- Directed by: Riley Thomson
- Story by: Larry Sharpsteen
- Produced by: Walt Disney
- Starring: Clarence Nash
- Music by: Larry Sharpsteen
- Color process: Technicolor
- Production company: Walt Disney Productions
- Distributed by: Community Chests of America
- Release date: September 1, 1940;
- Running time: 3 minutes
- Country: United States
- Language: English

= The Volunteer Worker =

1940 Donald Duck cartoon

The Volunteer Worker is a 1940 American commercial Donald Duck short film directed by Riley Thomson and produced by Walt Disney for the Community Chests of America.

==Plot==
Donald Duck is collecting for charity, but everyone refuses to donate.

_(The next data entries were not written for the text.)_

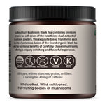 Ingredientes: Té negro orgánico del USDA, extractos de hongos orgánicos del USDA (melena de león, chaga, reishi, cordyceps, maitake, shiitake y cola de pavo)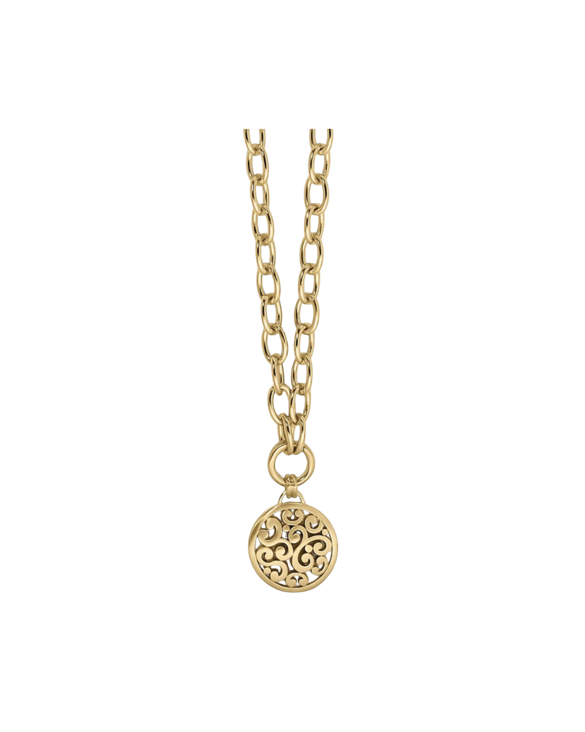 This circular pendant necklace with mesmerizing swirls and scrolls has the look of handmade silver artistry from Taxco, Mexico.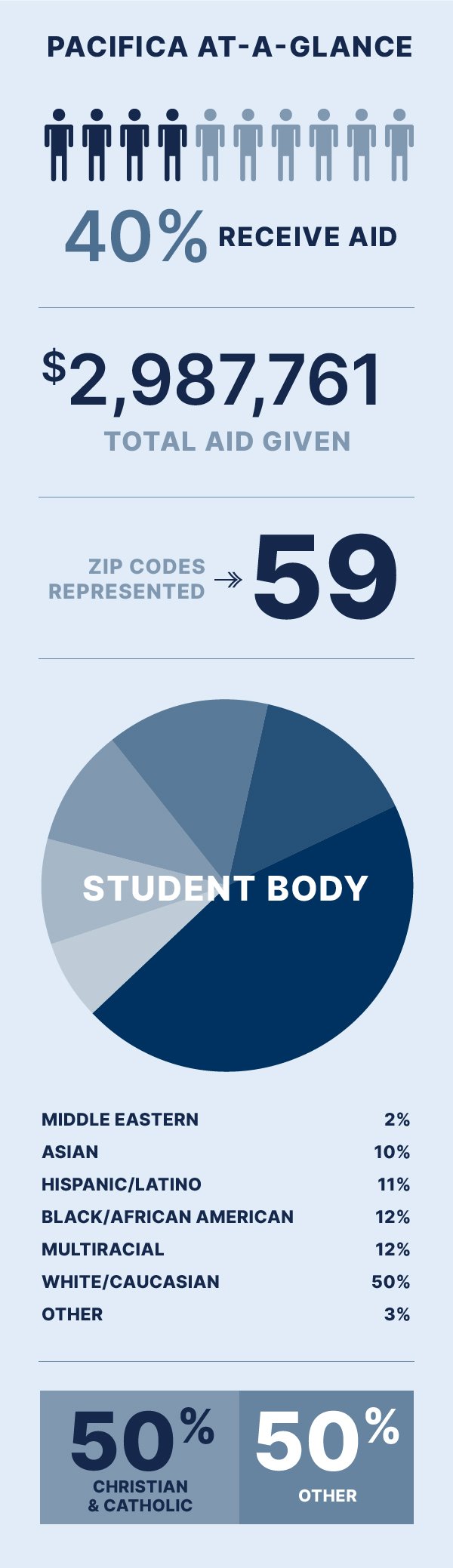 We acknowledge that not everyone in our society has been afforded the same opportunities. Understanding this reality, Pacifica’s mission is to be a school composed of students from all neighborhoods. At its inception, Pacifica was founded on the strength of a broad and diverse school community. Our desire is to provide a high-quality education to a wide range of students, reflecting the beauty and diversity of the kingdom of God. We believe such education is good for all and opens up opportunities for many that have not traditionally been able to take part in private education.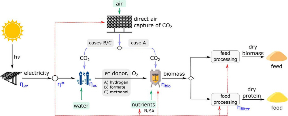 연구팀이 제창하는 SCP에 의한 식량 생산을 보면 태양광 발전으로 얻은 전기에너지는 대기로부터 이산화탄소를 분리 장치로 전송하고 이 이산화탄소에서 산소가 만들어진다. 이 산소와 태양광에너지에서 생물 반응기를 작동시켜 미생물을 배양해 미생물을 낳은 SCP를 원료로 해 식물과 동물용 사료가 만들어진다는 게 SCP에 의한 식량 생산 구조다.
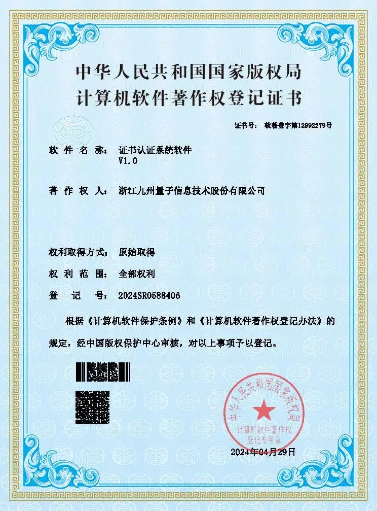 近日,經(jīng)過(guò)申報(bào)、受理、審核等多重環(huán)節(jié),由浙江九州量子研發(fā)的產(chǎn)品軟著“數(shù)字證書(shū)認(rèn)證系統(tǒng)”通過(guò)審批,正式獲得由國(guó)家版權(quán)局頒發(fā)的計(jì)算機(jī)軟件著作權(quán)登記證書(shū)。這一成果標(biāo)志著公司的數(shù)字化自主研發(fā)能力和創(chuàng)新能力在具有獨(dú)立知識(shí)產(chǎn)權(quán)的軟件開(kāi)發(fā)領(lǐng)域得到了權(quán)威認(rèn)證和充分肯定。

Saddened by his failure he sits on a sidewalk next to a worker and tells him his troubles. The worker tells Donald that he was helped by charity once, and although he can't give too much, he still wants to donate. Donald is excited by the donation and gives the worker a "I Gave" button, which the worker proudly displays.

==Voice cast==
- Clarence Nash as Donald Duck / Butch the Bulldog
- Charles Judels as the Sidewalk Worker

==Home media==
The short was released on May 18, 2004, on Walt Disney Treasures: The Chronological Donald, Volume One: 1934-1941.